Microsoft to pay $20 million over children's data storage

Microsoft to pay $20 million over children's data storage

Microsoft has agreed to pay $20 million for improperly collecting personal data from Xbox users under the age of 13.

The Department of Justice (DoJ), on behalf of the US Federal Trade Commission (FTC), filed a complaint accusing the company of violating the US Children's Online Privacy Protection Act (COPPA).

The complaint alleges that Microsoft collected and stored children's data, and did so without obtaining consent from their parents.

According to COPPA regulations, for-profit companies must notify parents before storing information on children under the age of 13 "for longer than is reasonably necessary to fulfill the purpose for which it was collected".

Parents must also have the option to prevent the sharing of such information with third parties.

In order to access Xbox games and utilise services like Xbox Live, users are required to create an account and provide personal information such as their full name, place of birth and email address.

The FTC's investigation revealed that between 2015 and 2020, Microsoft only prompted users under the age of 13 to have their parents complete the account creation process after they had provided their personal information.

The company stored such data regardless of whether the parents had completed the registration process. This means that Microsoft retained children's data even without parental consent or completion of the registration process.

The FTC further highlighted that Microsoft combines a user's gamertag with a unique identifier, which it could potentially share with third-party developers, even for accounts owned by users under the age of 13.

FTC orders Microsoft to boost child protection

Microsoft must now implement measures to enhance privacy safeguards for child Xbox users.

As part of the changes, the tech giant will be required to modify its account creation process for underage users.

The company has already updated the process by asking for a user's date of birth before anything else. If necessary, Microsoft will then ask for parental consent before requesting any further identifiable information.

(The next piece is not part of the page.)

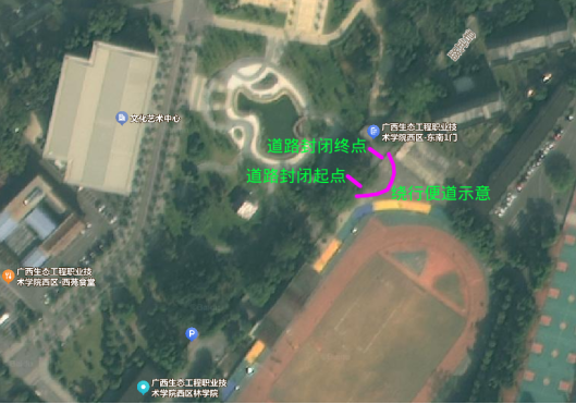 管制期间,社会车辆请按照现场引导标志牌和现场安全管理人员的疏导,绕行广西生态工程职业技术学院东校区内部临时道路,请过往车辆减速慢行,注意通行安全。

Additionally, Microsoft will ask underage users who created an account prior to May 2021 to have their parents re-verify their account in the coming months.

Microsoft will extend the protections outlined in COPPA to third-party gaming publishers with whom it shares children's data.

"Our proposed order makes it easier for parents to protect their children's privacy on Xbox, and limits what information Microsoft can collect and retain about kids," said Samuel Levine, director of the FTC's Bureau of Consumer Protection.

"This action should also make it abundantly clear that kids' avatars, biometric data and health information are not exempt from COPPA."

A spokesperson from Microsoft said the company is fully committed to complying with the order.

The spokesperson said that the retention of information on users who didn't complete the sign-up process was a "data retention glitch found in our system."

The company is now actively working on developing a new identification and age validation system.

"Regrettably, we did not meet customer expectations and are committed to complying with the order to continue improving upon our safety measures," Microsoft's Dave McCarthy, CVP of Xbox Player Services, wrote in an Xbox blog post.

The $20 million settlement must be approved by a federal court before it takes effect.

This is just the latest FTC fine involving video game companies and alleged COPPA violations.

Last year, Fortnite developer Epic Games agreed to pay a $520 million FTC fine, $275 million of which related to COPPA violations.

Last week, Amazon agreed to pay the FTC an amount exceeding $30 million, to settle allegations of privacy violations within its Alexa and Ring divisions.